COPY . .                       # Copy the app source code

EXPOSE 8000                    # Port the container exposes

CMD ["uvicorn", "main:app", "--host", "0.0.0.0", "--port", "8000"]

# Build the image
docker build -t my-ai-app:latest .

# Start the container (for local verification)
docker run -p 8000:8000 --env-file .env my-ai-app:latest

Container Registries

A container registry is a service for storing and distributing Docker images. Just as GitHub manages code, a registry manages container images.

Registry	Characteristics
Docker Hub	The most well-known.
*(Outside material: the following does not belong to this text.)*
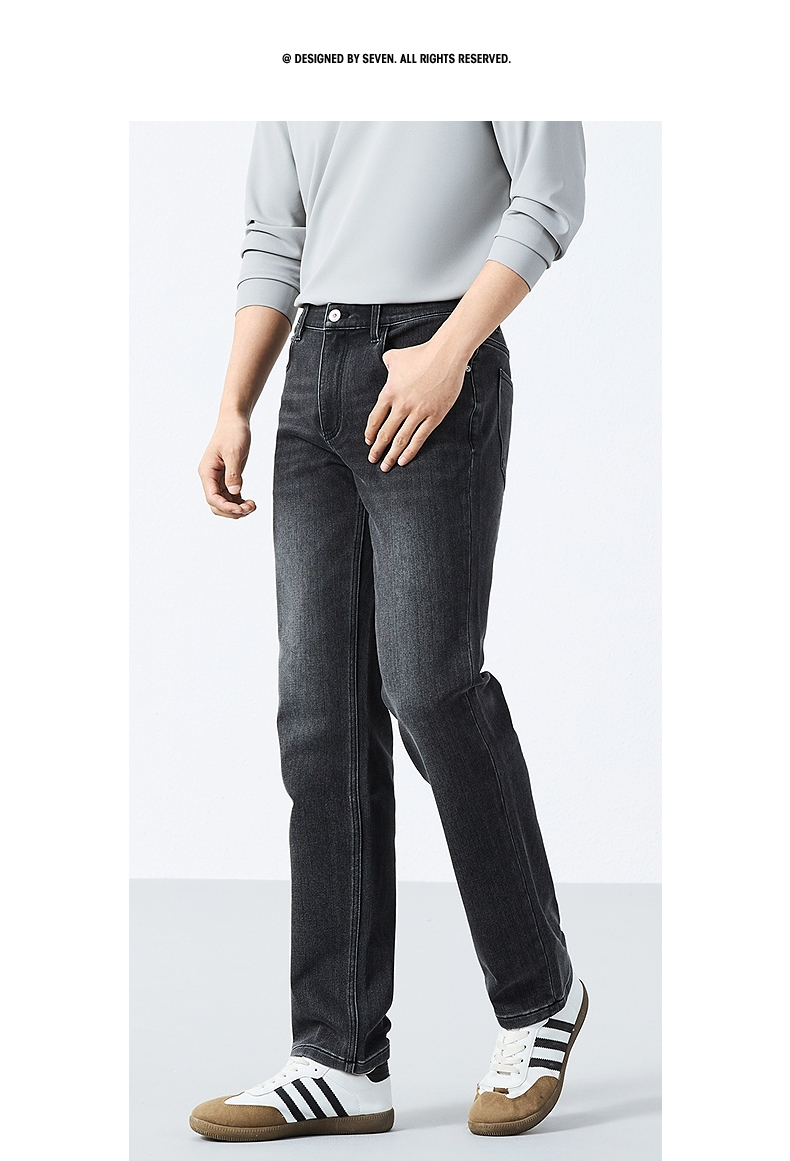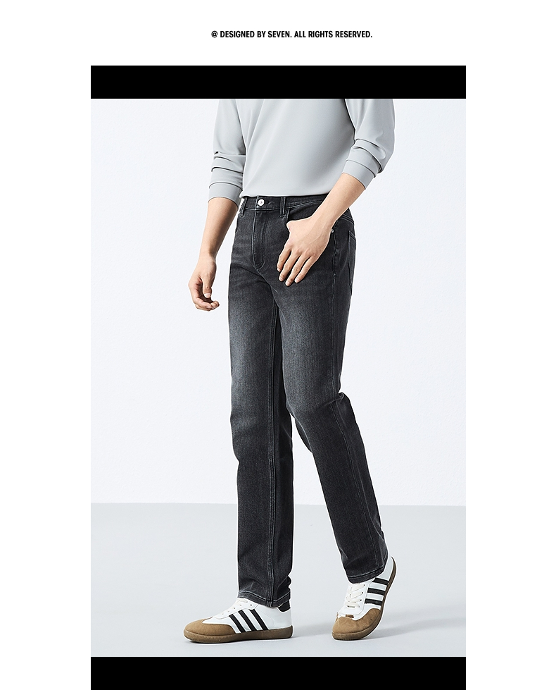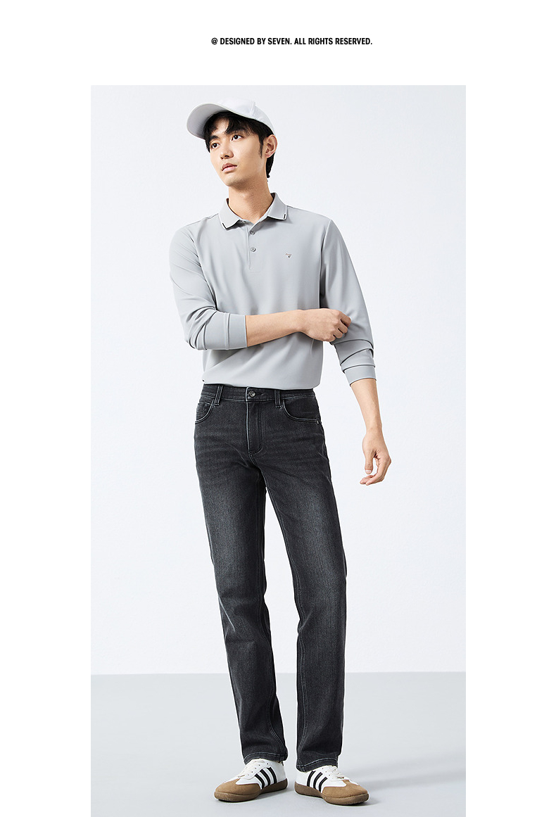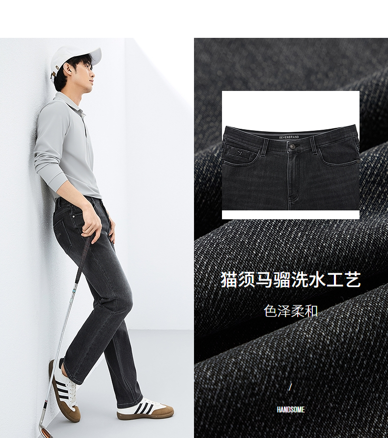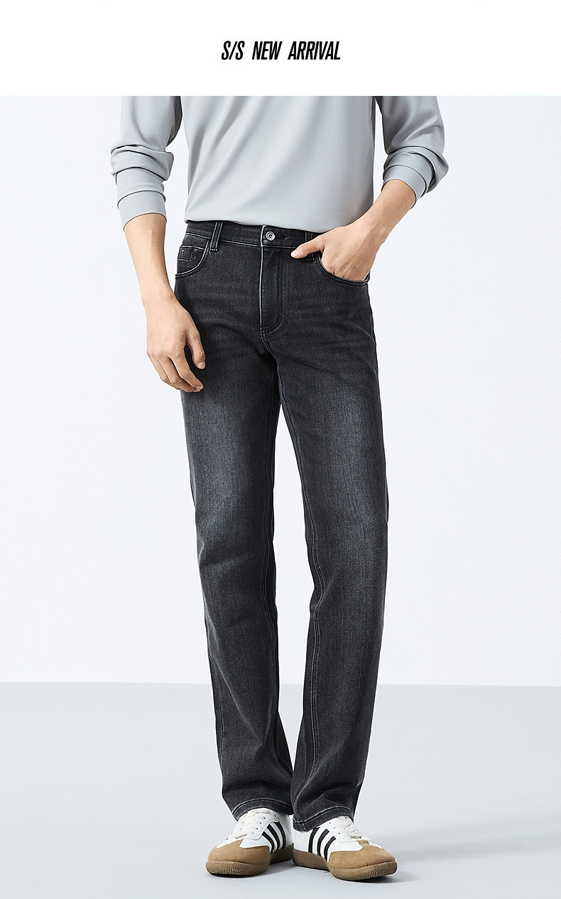 柒牌莱卡水洗牛仔长裤男2025春季新款时尚潮流休闲百搭男士直筒裤 128H70730
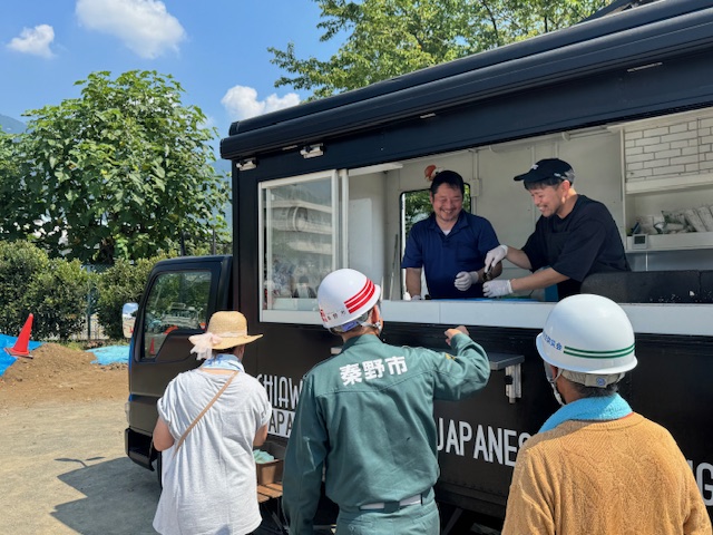 昨年の防災訓練は台風10号の影響で中止となったため、今年は2年振りの開催となりました。自衛隊や秦野警察署をはじめ、災害協定を締結している「秦野市キッチンカー事業者連絡協議会」など、多くの関係機関の皆様にご協力をいただき、実施することができました。

Rich in public images
Amazon ECR	Easy integration with AWS. Used alongside ECS/EKS
GitHub Container Registry	Simple integration with GitHub Actions
Google Artifact Registry	Integrated with GCP

The CI/CD Pipeline

CI (Continuous Integration) and CD (Continuous Deployment)

CI (Continuous Integration): Automatically runs linting, tests, and builds every time code is pushed
CD (Continuous Deployment): Automatically deploys code that passes tests to staging and production

CI/CD Pipeline with GitHub Actions

graph LR
    Push["Developer pushes\n（feature → main）"] --> CI["GitHub Actions\nCI Job"]

    CI --> Lint["① Lint check\n（flake8 / eslint）"]
    Lint --> Test["② Run tests\n（pytest / jest）"]
    Test --> Build["③ Build Docker\nimage"]
    Build --> Push2["④ Push image\nto registry"]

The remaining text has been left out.